### Aim of the exercise
Search the listing for the string "Sainte". Copy every line that has it.

--------------------

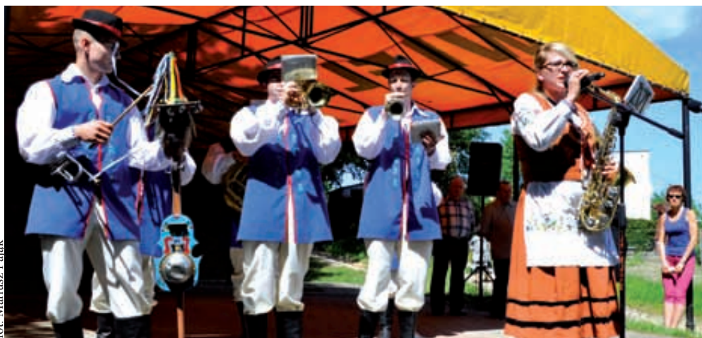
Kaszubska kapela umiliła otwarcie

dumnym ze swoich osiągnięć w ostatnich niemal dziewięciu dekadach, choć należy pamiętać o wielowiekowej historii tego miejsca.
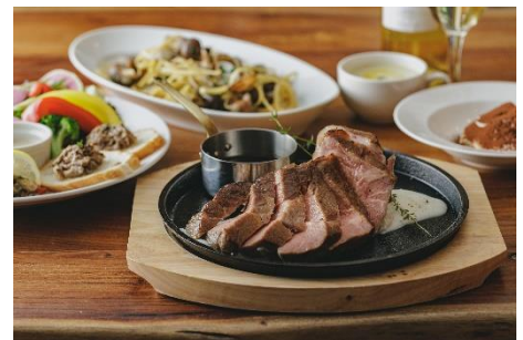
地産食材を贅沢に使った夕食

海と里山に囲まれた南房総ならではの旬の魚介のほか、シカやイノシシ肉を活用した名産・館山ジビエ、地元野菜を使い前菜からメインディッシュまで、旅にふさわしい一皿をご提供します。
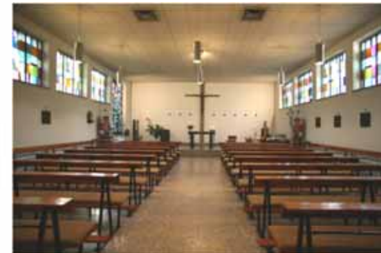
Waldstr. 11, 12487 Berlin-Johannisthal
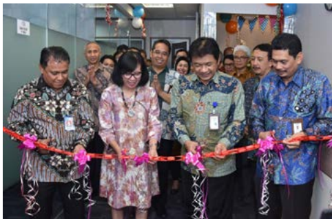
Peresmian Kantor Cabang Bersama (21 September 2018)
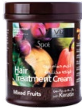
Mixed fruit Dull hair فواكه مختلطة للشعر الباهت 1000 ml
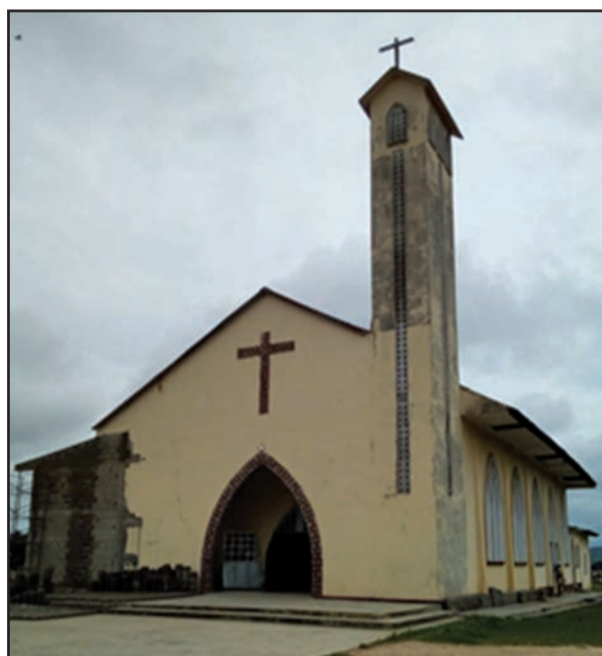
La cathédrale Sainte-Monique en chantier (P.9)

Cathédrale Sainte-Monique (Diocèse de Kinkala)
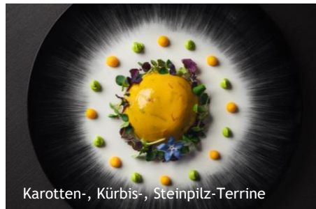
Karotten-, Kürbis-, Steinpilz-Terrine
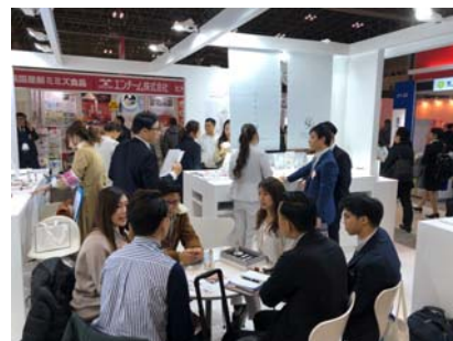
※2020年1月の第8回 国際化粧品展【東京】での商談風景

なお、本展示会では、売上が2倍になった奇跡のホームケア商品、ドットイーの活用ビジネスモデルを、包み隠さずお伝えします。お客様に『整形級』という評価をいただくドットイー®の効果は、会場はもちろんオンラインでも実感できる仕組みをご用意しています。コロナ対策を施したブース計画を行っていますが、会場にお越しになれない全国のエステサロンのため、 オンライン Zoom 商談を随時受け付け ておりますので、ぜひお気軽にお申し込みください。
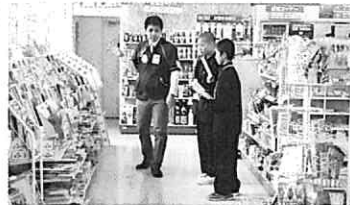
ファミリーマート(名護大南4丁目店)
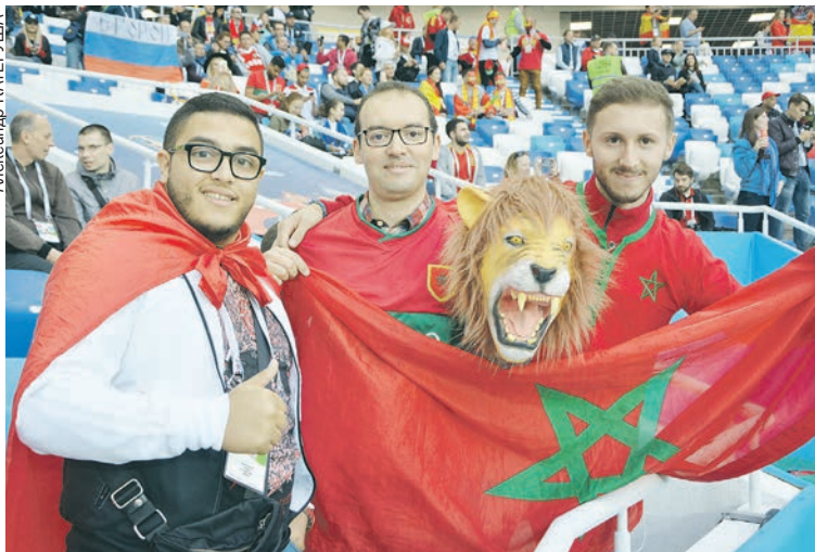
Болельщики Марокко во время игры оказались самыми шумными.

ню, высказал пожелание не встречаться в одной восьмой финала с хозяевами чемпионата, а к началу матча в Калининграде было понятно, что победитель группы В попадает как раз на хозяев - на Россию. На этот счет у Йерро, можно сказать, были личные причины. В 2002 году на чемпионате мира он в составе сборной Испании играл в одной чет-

--------------------

### Written answer
La cathédrale Sainte-Monique en chantier (P.9)
Cathédrale Sainte-Monique (Diocèse de Kinkala)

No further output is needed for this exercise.